Kerri:   Whether or not science would say it’s proven, to me it’s empirically evident—or to anyone who is willing to stand next to an animal and actually experience the animal.

MWY:   I agree.

Kerri:   For people who are not compromised in some way—who are not elderly or have been through some sort of traumatic event—and even for people who are “healthy.” You take “healthy” people and ask them to feel what moves through them when they’re among animals—it’s really an experience unlike anything. You can let yourself be touched at such a deep level. To me, that’s what’s common among all of us as humans, and also common between humans and other species. It’s that place of connection.

Michelle:   Yes.

Kerri:   To me, this is what’s so valuable about sharing the presence of animals with humanity in many different ways. It really does let people remember what it feels like to not be alone—and to not be judged. And to be among other beings with nothing to prove!

Michelle:
   And I think people feel safe when they experience that connection. There’s a safety there.

Kerri:   And maybe they can feel safe with themselves, like what “safe” actually feels like, whether it’s safe next to a dog or a horse—or if it’s just safe sitting still, because they can feel it a little bit more now. Does that make sense?

Michelle:   Yep! Sure does…

Kerri:   Would you talk about the years you spent in hospice work? What is it like being with people at that last adventure of transition? Is that in any way like bringing animals to visit people who are moving toward death?

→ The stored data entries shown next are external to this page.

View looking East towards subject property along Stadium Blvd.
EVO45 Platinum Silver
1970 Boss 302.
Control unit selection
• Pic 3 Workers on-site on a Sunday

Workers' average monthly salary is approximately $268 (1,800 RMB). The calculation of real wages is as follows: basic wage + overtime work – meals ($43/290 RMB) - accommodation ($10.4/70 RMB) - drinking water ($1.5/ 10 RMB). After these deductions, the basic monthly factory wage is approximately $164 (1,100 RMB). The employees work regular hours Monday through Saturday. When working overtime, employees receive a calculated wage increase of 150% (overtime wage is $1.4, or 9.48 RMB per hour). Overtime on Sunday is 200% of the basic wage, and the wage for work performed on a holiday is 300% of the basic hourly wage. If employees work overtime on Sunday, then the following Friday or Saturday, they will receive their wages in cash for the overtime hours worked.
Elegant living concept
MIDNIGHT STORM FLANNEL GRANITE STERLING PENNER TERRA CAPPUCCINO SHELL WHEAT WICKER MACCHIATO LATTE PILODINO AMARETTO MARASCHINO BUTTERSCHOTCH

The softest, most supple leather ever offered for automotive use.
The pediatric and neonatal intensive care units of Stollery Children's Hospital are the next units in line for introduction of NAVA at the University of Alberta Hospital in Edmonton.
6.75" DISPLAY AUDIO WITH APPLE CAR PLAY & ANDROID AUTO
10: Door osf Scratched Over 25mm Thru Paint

Michelle:   I’m not exactly sure of the question you’re asking me, but I will tell you that animals have this ability to understand people’s last days and last moments. When I was in hospice, there was story after story of pets being turned loose in a nursing home that would be drawn toward someone’s last day. They would either sleep on their feet, or in their room—or just get as close as they could to them. I think they know, and they can feel even better than we can.
     But as far as being in the hospice world, what a gift! What an absolute gift. People have varying reactions to the word “hospice.” Truthfully, hospice is a glorified home-health situation. You know, you have the ability to be the last hand that someone touches. It’s the closest you could ever be to heaven. That’s my belief. How much closer to God can you get but to touch someone’s hands as they’re slipping away? I think that is a beautiful situation. It’s sad, too, because we don’t want them to go.
     But hospice is a gift. Hospice is love and friendship. It’s a continuum of care for people that meets all of their needs: from a chaplain standpoint to a counseling standpoint—counseling for families, comfort and friendship, or respite for family members. And then, of course all the medical care that goes with that.

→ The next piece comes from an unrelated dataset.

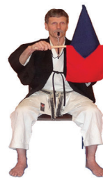
Ukete Iru Blocked technique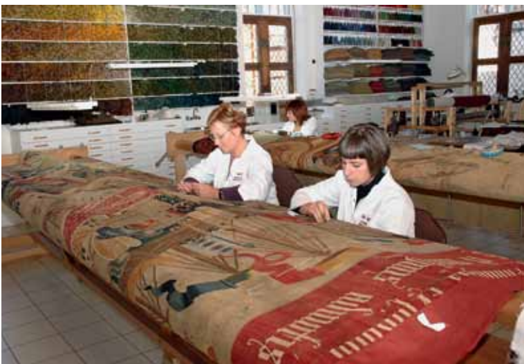
Conservation of the tapestries: Process of stabilizing the fragile parts of the fabric tapestries on the restoration benches. Collegiate Church of Our Lady of the Assumption, Pastrana, Spain.

The exhibition is organized by the National Gallery of Art, Washington, and the Fundación Carlos de Amberes, Madrid, in association with the Embassy of Spain, the Spain-USA Foundation, and the Embassy of Portugal and with the cooperation of the Embassy of Belgium and the Embassy of Morocco in Washington, D.C. Generous financial support from The Meadows Foundation has helped to make the Dallas venue possible.

Kerri:   I totally agree! I was never deeply involved in the whole hospice system. I did some volunteer work sitting with people who were very close to their transition. ManIt is so rich and so beautiful.
     My experience sitting with people when they are close to death is that there’s no reason or need or desire to judge anything! You’re simply in the presence of love sitting next to another who is moving more purely every moment into the presence of love.

Michelle:   Yes!

Kerri:   When I was the one sitting and holding the hand—or holding the knees up so the body wouldn’t be wrenched as the knees fall over in bed, or whatever level of kindness I could possibly share—it felt, to me, so close to what it is to be an animal with no judgment. Just sitting, and sharing love for the sake of love, while life is happening. Even though it seems like life is ending, life is just continuing to happen, and this is what it looks like. In my experience, this is what animals offer humanity all the time, the absence of judgment, the absence of desire for you to be anything other than you are.

Michelle:   Yes.

Kerri:   I brought the question up because, to me, it’s really a beautiful thing to remind people that we have that capacity in us all the time. That’s what’s common among us, the capacity to be without judgment for one another. I love bringing the questions forward, because I love hearing people articulate it differently from their experience, you know?

Michelle:   Yep.

Kerri:   I know you have a lot of support to continue doing the window walks. You’re going to keep doing them, right?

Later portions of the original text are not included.